**Task instructions**
Only the lines below from the one with "A beautiful Pendant" through the one with "登り着いた境内には古びた社殿" are to be written out, exactly and without any images.

**Data listing**
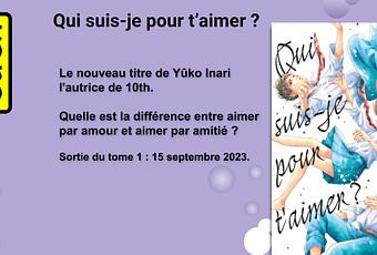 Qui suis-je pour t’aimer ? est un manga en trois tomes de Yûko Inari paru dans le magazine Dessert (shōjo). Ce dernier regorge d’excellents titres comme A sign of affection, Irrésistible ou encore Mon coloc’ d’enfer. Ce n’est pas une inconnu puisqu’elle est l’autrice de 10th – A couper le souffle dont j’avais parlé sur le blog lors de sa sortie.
--
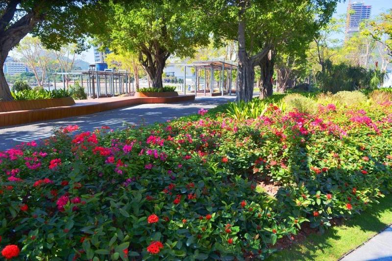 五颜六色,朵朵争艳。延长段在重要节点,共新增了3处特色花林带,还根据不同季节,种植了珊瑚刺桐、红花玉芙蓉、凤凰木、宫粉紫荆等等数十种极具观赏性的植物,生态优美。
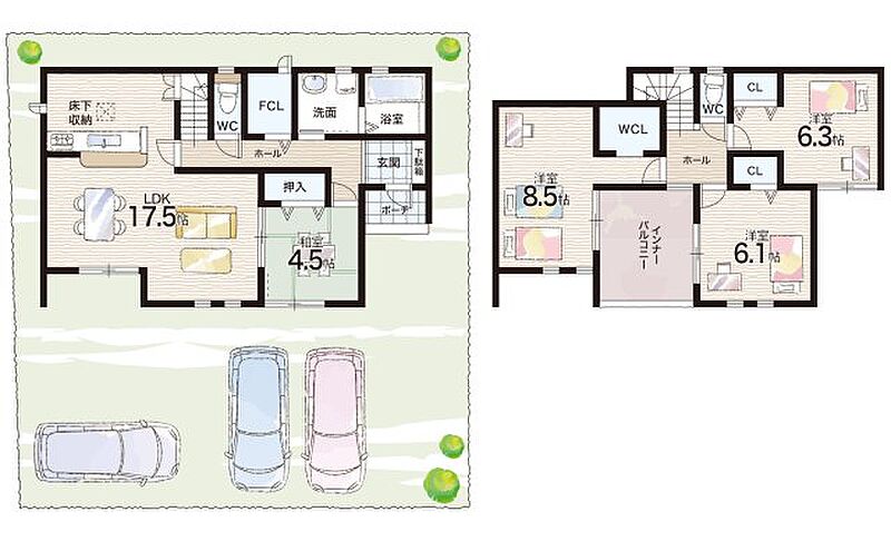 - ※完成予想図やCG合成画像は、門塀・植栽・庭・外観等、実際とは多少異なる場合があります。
---
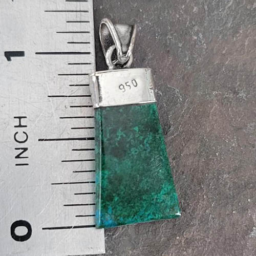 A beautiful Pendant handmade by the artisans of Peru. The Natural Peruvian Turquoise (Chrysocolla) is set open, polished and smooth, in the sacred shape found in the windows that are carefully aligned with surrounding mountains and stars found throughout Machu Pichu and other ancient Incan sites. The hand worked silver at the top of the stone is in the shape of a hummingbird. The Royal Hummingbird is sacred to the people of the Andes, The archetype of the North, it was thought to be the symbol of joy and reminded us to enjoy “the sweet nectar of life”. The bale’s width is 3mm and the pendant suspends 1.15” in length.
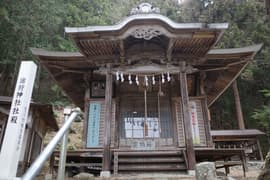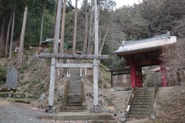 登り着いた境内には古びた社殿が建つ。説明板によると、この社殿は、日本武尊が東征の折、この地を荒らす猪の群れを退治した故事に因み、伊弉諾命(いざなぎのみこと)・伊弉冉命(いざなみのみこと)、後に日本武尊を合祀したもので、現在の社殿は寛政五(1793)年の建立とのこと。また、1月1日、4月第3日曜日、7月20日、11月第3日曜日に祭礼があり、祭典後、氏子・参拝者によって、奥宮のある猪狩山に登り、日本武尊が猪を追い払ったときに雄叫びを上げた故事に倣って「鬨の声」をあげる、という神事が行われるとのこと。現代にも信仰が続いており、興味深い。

**Result of this task**
 A beautiful Pendant handmade by the artisans of Peru. The Natural Peruvian Turquoise (Chrysocolla) is set open, polished and smooth, in the sacred shape found in the windows that are carefully aligned with surrounding mountains and stars found throughout Machu Pichu and other ancient Incan sites. The hand worked silver at the top of the stone is in the shape of a hummingbird. The Royal Hummingbird is sacred to the people of the Andes, The archetype of the North, it was thought to be the symbol of joy and reminded us to enjoy “the sweet nectar of life”. The bale’s width is 3mm and the pendant suspends 1.15” in length.
 登り着いた境内には古びた社殿が建つ。説明板によると、この社殿は、日本武尊が東征の折、この地を荒らす猪の群れを退治した故事に因み、伊弉諾命(いざなぎのみこと)・伊弉冉命(いざなみのみこと)、後に日本武尊を合祀したもので、現在の社殿は寛政五(1793)年の建立とのこと。また、1月1日、4月第3日曜日、7月20日、11月第3日曜日に祭礼があり、祭典後、氏子・参拝者によって、奥宮のある猪狩山に登り、日本武尊が猪を追い払ったときに雄叫びを上げた故事に倣って「鬨の声」をあげる、という神事が行われるとのこと。現代にも信仰が続いており、興味深い。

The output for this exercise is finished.